— Знаешь, старина, твоих друзей больше нет. Они поплатились за то, что съели лагерные запасы, а это — преступление, которое карается смертью. Если хочешь избежать их страшной участи, мотай отсюда, и побыстрее! Ты ловкий как обезьяна, шустрый как белка, а льды — твоя родина, беги же… И даже близко не подходи к нам, если не хочешь, чтобы тебя слопали.
   Артур поцеловал четвероногого друга в черный, блестящий, похожий на трюфель нос, взмахнул рукой, указывая на безбрежные снежные поля, и громко крикнул:
   — Беги, Помпон, беги!
   Пес убежал, и больше его никто не видел. Убитые собаки пошли в пищу.
   Вот каков был рацион матросов, скорчившихся в душной, тесной иглу.
   Утром — чай или кофе без сахара. Ужиук и собаки съели его, и больше ничего не осталось. Двести граммов собачьего мяса на человека, несколько капель водки или рома, разбавленных горячей водой. Ни сухарей, ни мясного концентрата. Все было проглочено голодными псами. В полдень — некоторое подобие супа из собачьего мяса и кусочка тюленьего жира, со щепоткой соли.
   Все это съедалось горячим, чтобы получить побольше «топлива», как шутили в прежние дни.
   На ужин — опять крохотный кусочек мяса, для разнообразия — кофе и несколько капель спиртного.
   После столь скудной трапезы засыпали голодными.
   Пищи оставалось в обрез. Собаки, ужасно исхудавшие за последнее время, весили едва ли килограмм двадцать, то есть мяса от каждой получили не более десяти килограммов. Несмотря на строжайшую экономию, оно было очень быстро съедено. Самым изголодавшимся давали дополнительную порцию — варево, запах которого вызывал тошноту у наиболее щепетильных. Добавьте к этому ужасную тесноту, скученность, затхлый воздух, и вы хотя бы отдаленно сможете представить себе судьбу людей, которые корчились от голода, прислушиваясь к завываниям ветра.
   Восемнадцатого мая буря наконец утихла, но легче от этого не стало. Всюду, куда ни кинь взгляд, высились огромные сугробы. Положение казалось безвыходным.
   Но капитан не терял надежды. С наступлением оттепели на север должны были прилететь птицы. Тогда голод отступит…
   Двадцать третьего мая на термометре все еще было десять градусов. Шел мелкий снег.
   Двадцать четвертого мая у троих заболел желудок — с непривычки к собачьему мясу. Совсем ослабели больные скорбутом.
   Двадцать пятого съели последнюю собаку. Двадцать шестого принялись жевать тряпки, кости, все, что попадалось под руку.
   Двадцать восьмого температура резко повысилась до нуля градусов. Ни чая, ни кофе не было, и доктор давал каждому по ложке глицерина.
   Двадцать девятого появилась чайка.
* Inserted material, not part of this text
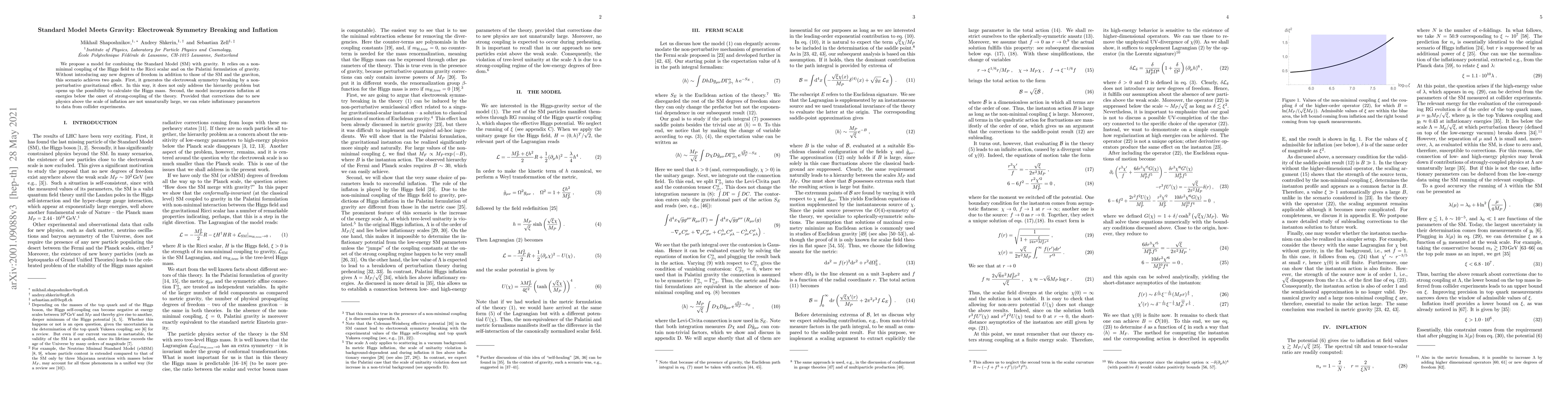 This paper proposes a model integrating the Standard Model with gravity through a non-minimal Higgs-Ricci coupling and the Palatini formulation, achieving electroweak symmetry breaking via gravitational effects and incorporating inflation without introducing new degrees of freedom. It also connects inflationary parameters to collider data.

Уже съедены шкуры собак. Еще оставалась сбруя из тюленьей кожи.
   Ослабевшие, бледные, с блуждающими глазами, люди двигались словно тени.
   Де Амбрие с напряжением вглядывался в горизонт — не появится ли стая уток или медведь.
   Оттепель набирала силу. Лед трещал, текли потоки воды… Дюма, Плюмован и Итурриа пошли на разведку, но вернулись ни с чем. В этот день съели половину сбруи и запили глицерином.
   — Ба! — сказал парижанин, который едва держался на ногах. — Завтра мы придем в себя.
   Но тридцатого мая, вместо того чтобы «прийти в себя», бедный малый слег от лихорадки, так же как повар Дюма и его товарищи. В отряде не осталось ни одного здорового человека! Доктор, повинуясь профессиональному долгу, все время оставался возле больных. Капитан не щадил себя, стараясь помочь всем. Он распределял последние кусочки пищи, которые и пищей-то назвать было нельзя, их глотали машинально, не думая и ничего не чувствуя. Врач заботился об экипаже, рискуя здоровьем, а может быть и жизнью.
   Тридцать первого мая даже самые стойкие поняли, что все кончено, и покорились судьбе, ожидая смерти.


ГЛАВА 16



Странный шум. — Промахнулся! — Помпон. — Сытая собака и голодные матросы. — Прекрасное открытие. — Парижанин рассказывает о мясных залежах. — Что Помпон делал в отлучке.
   Тридцать первого мая термометр показал плюс два градуса.
   В ясном лазурном небе ярко сверкало солнце.
   Изголодавшиеся матросы — кожа да кости — стали есть свои шубы. Больные ловили ртом капельки воды, бежавшие по стенам снегового жилища.
   Они, казалось, страдали меньше здоровых.
   Со всех сторон слышались стоны и вздохи. Некоторые агонизировали.
   Но что это? Воспаленное воображение? Следствие лихорадки?
   Капитан услышал вдали не то вой, не то лай.
   Неужели зверь? ..
   Сомнений не было. Какое-то четвероногое бежало по льду. Де Амбрие с трудом поднялся и крикнул:
   — К оружию!
   Дюма схватил винтовку. За ним лейтенант Вассер, парижанин и баск. Появление зверя придало им силы. Ведь он мог стать добычей.
   Удивительно, до чего живуч человек. Близкие к смерти матросы бодро выбежали из хижины с винтовками на изготовку.
   Но увидели не медведя, а какое-то небольшое животное темного цвета.
   Дюма выстрелил с расстояния в двести метров. Но промахнулся. Впервые в жизни. Сказались болезнь и голод.
   Пуля упала недалеко от зверя.
   Промахнулся и лейтенант. Животное взвыло, но продолжало бежать, не обращая внимания на сыпавшиеся со всех сторон пули.
   Дюма крепко выругался и опять зарядил ружье.
   Парижанин тоже прицелился, но вдруг опустил винтовку и воскликнул:
   — Помпон! .. Мой Помпон! ..
   Собака в несколько прыжков очутилась возле хозяина с радостным лаем и визгом.
   — Помпон! .. Собачка моя хорошая! ..
   Помпон между тем бегал от одного матроса к другому и наконец снова вернулся к Плюмовану.
   — Черт возьми! .. — проворчал Дюма. — Надо было этому псу возвратиться. Я предпочел бы медведя… У него мяса раз в пятнадцать больше… И потом, как-то нехорошо убивать свою же собаку.
   — Не смейте трогать Помпона! — с гневом вскричал парижанин.
   — У нас люди умирают…— тихо заметил Дюма.
   — Неужели не видишь, что Помпон умудрился каким-то образом разжиреть?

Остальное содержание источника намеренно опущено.